I am not very familiar with the OpenMP outlining. Here are my quick thoughts:

- I do not get why it is a semantic issue to capture two values instead of one (I understand this may be an perf issue).
- It seems the new hlfir::FortranVariableShadow could simply be a fir::FortranVariableOpInterface (you would get everything you need by gathering the operation instead of the result: the attributes and all the results). The OpenMP privatization pass could attempt to always look at the producer of an mlir::Value that is captured. If it is fir::FortranVariableOpInterface, it would put the op in a some capture list, otherwise, it would capture the mlir::Value "as usual". Adding a new type in FIR is adding a lot of abstraction complexity.
- I agree with Kiran that if it is just a perf issue, the direct solution would be to update the cloning to use `#0`. Especially for allocatable and pointer were `#0` and `#1` are exactly the same anyway.
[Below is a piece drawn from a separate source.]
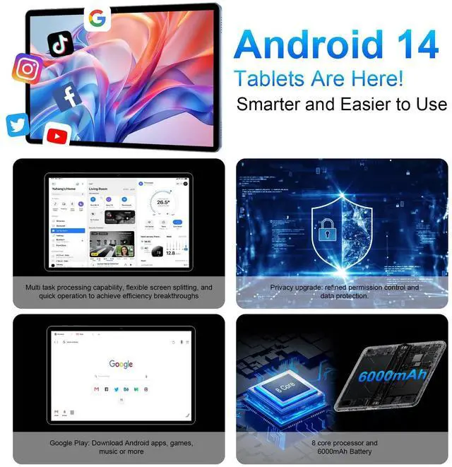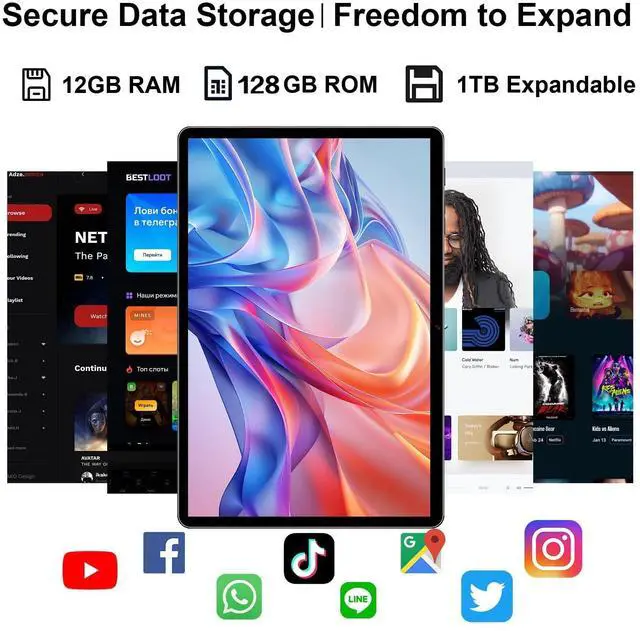 Enhanced Performance Configuration The RitmoChispa 10.1 inch android tablet runs on Android 14 OS with a 2.0 GHz octa-core processor. This combination supports efficient multitasking and responsive operation for daily tasks. With Google Play pre-installed, you have instant access to many apps like Facebook, Twitter, and Instagram on this versatile tablet. ^^ Substantial Memory & Storage Configured with 12GB of RAM and 128GB of internal storage, this android tablet delivers smooth performance for all your tasks. Its storage is further expandable up to 1TB with a microSD card (card not included), providing flexibility for your documents, photos, and media libraries on this powerful tablet.

The story of `#0` vs `#1` is that `#0` could just be used anywhere from a correctness point of view. `#1` is only here to help skipping the creation of temporary descriptors when propagating assumed-shape through calls and doing "FIR level" descriptor manipulation (the issue of assumed-shape is that there lower bounds are local, so a new descriptor `#0` is created to hold the accurate lower bounds in the descriptors. But we do not care about propagating these lower bounds through calls since the entity will get new lower bounds inside the call anyway. FIR addressing operation was designed to not use the lower bound inside the descriptor (local lower bounds are provided with fir.shift if any)).

In the context of OpenMP outlining, if you need to capture a descriptor, it should be `#0` I think since it has all the info, because capturing `#1` would require to capture the lower bounds on top of that for any addressing operation inside the outlined code.

I think I may be able to modify converter.getSymbolAddress to use `#0` for Pointers/Allocatables since it is anyway the same as `#1`. But for assumed-shape, it will stay `#1` since fir::ExtendedValue are "FIR level" and should use `#1` to avoid descriptor temporaries when possible. The cloning code should be update to use HLFIR level cloning mechanism in that case (and maybe in call cases to make things simpler).

https://github.com/llvm/llvm-project/pull/84033